Instructions for the task: Take the lines below beginning at the line that has "督導組對我院疫情防控工作給予" and stopping after the line that has "3.8L Pipers Pet", and print them exactly as they are, with no other lines.

____ Provided records

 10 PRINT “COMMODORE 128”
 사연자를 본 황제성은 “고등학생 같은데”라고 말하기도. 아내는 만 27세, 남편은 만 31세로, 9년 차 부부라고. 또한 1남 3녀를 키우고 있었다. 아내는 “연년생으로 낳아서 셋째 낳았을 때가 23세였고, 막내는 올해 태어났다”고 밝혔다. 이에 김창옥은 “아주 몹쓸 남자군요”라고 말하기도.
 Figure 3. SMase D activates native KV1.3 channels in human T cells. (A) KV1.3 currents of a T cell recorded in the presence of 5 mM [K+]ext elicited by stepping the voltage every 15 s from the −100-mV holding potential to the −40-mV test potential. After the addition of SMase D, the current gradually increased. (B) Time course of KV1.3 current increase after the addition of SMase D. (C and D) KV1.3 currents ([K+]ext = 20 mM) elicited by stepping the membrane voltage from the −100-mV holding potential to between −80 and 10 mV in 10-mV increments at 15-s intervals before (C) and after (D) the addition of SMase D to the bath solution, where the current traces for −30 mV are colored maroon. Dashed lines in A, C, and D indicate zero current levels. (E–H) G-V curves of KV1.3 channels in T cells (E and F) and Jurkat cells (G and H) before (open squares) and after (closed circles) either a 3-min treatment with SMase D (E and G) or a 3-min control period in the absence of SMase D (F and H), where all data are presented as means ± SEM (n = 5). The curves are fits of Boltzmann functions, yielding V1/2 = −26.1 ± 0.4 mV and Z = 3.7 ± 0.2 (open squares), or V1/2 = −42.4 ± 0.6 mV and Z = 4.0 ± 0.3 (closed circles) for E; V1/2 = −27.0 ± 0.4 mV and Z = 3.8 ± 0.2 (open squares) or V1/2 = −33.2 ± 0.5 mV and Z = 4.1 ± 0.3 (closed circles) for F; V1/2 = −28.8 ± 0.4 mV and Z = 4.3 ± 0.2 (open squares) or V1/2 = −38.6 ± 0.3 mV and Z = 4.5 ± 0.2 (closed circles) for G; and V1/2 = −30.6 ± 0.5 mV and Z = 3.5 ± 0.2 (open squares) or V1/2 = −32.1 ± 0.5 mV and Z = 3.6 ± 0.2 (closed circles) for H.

________
____ Provided records

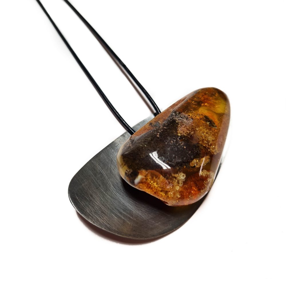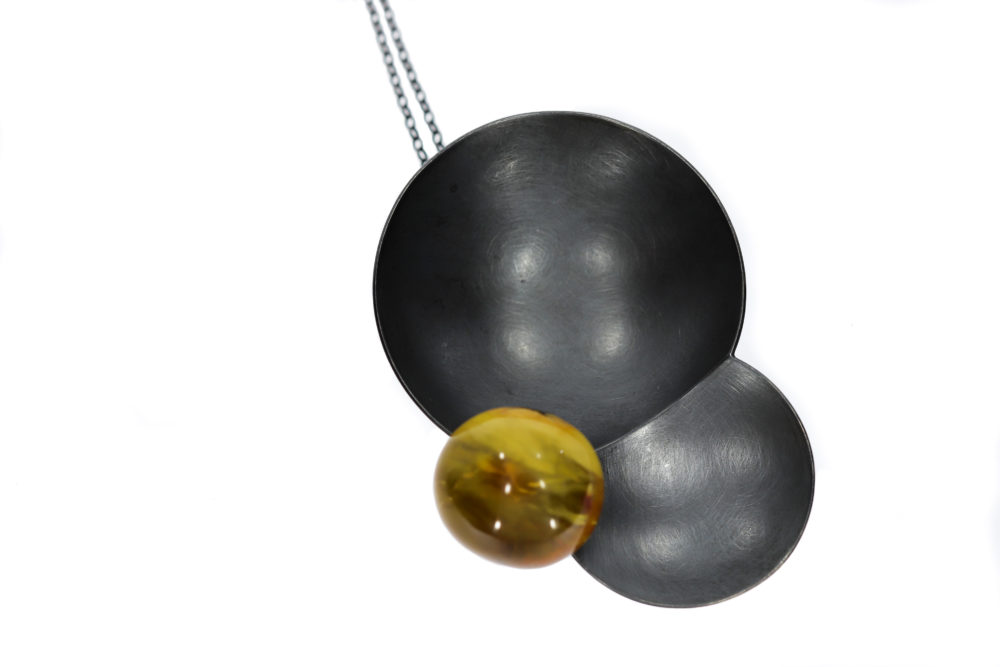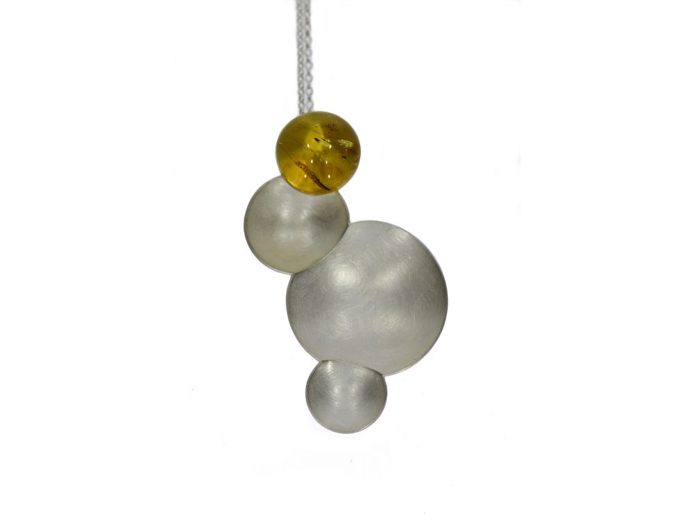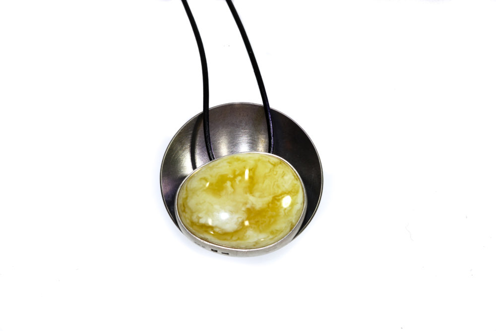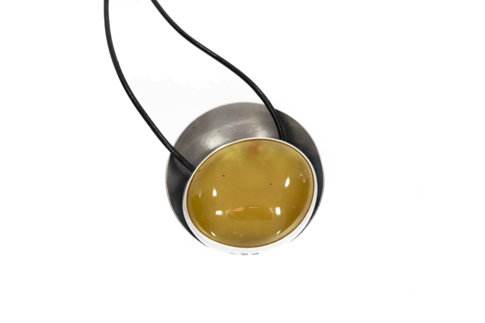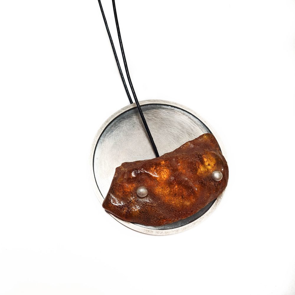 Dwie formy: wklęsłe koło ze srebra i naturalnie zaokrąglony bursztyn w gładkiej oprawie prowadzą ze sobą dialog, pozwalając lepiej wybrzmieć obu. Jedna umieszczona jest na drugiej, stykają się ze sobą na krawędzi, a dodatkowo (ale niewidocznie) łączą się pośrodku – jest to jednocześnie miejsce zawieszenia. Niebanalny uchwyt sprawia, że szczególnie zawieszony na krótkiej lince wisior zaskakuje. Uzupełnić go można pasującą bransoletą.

________
____ Provided records

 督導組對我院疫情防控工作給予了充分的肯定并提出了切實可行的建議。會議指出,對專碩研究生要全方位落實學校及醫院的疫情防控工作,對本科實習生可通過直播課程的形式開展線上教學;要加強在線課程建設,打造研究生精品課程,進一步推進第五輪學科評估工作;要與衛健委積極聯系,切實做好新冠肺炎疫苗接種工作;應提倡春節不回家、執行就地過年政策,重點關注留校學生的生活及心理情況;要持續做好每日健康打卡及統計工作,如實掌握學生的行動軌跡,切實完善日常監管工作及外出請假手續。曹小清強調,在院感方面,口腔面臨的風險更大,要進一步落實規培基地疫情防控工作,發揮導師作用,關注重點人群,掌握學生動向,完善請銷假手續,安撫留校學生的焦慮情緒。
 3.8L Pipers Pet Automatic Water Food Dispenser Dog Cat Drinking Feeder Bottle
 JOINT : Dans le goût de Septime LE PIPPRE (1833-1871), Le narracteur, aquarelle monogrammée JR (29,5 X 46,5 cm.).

________

Problem solution:
 督導組對我院疫情防控工作給予了充分的肯定并提出了切實可行的建議。會議指出,對專碩研究生要全方位落實學校及醫院的疫情防控工作,對本科實習生可通過直播課程的形式開展線上教學;要加強在線課程建設,打造研究生精品課程,進一步推進第五輪學科評估工作;要與衛健委積極聯系,切實做好新冠肺炎疫苗接種工作;應提倡春節不回家、執行就地過年政策,重點關注留校學生的生活及心理情況;要持續做好每日健康打卡及統計工作,如實掌握學生的行動軌跡,切實完善日常監管工作及外出請假手續。曹小清強調,在院感方面,口腔面臨的風險更大,要進一步落實規培基地疫情防控工作,發揮導師作用,關注重點人群,掌握學生動向,完善請銷假手續,安撫留校學生的焦慮情緒。
 3.8L Pipers Pet Automatic Water Food Dispenser Dog Cat Drinking Feeder Bottle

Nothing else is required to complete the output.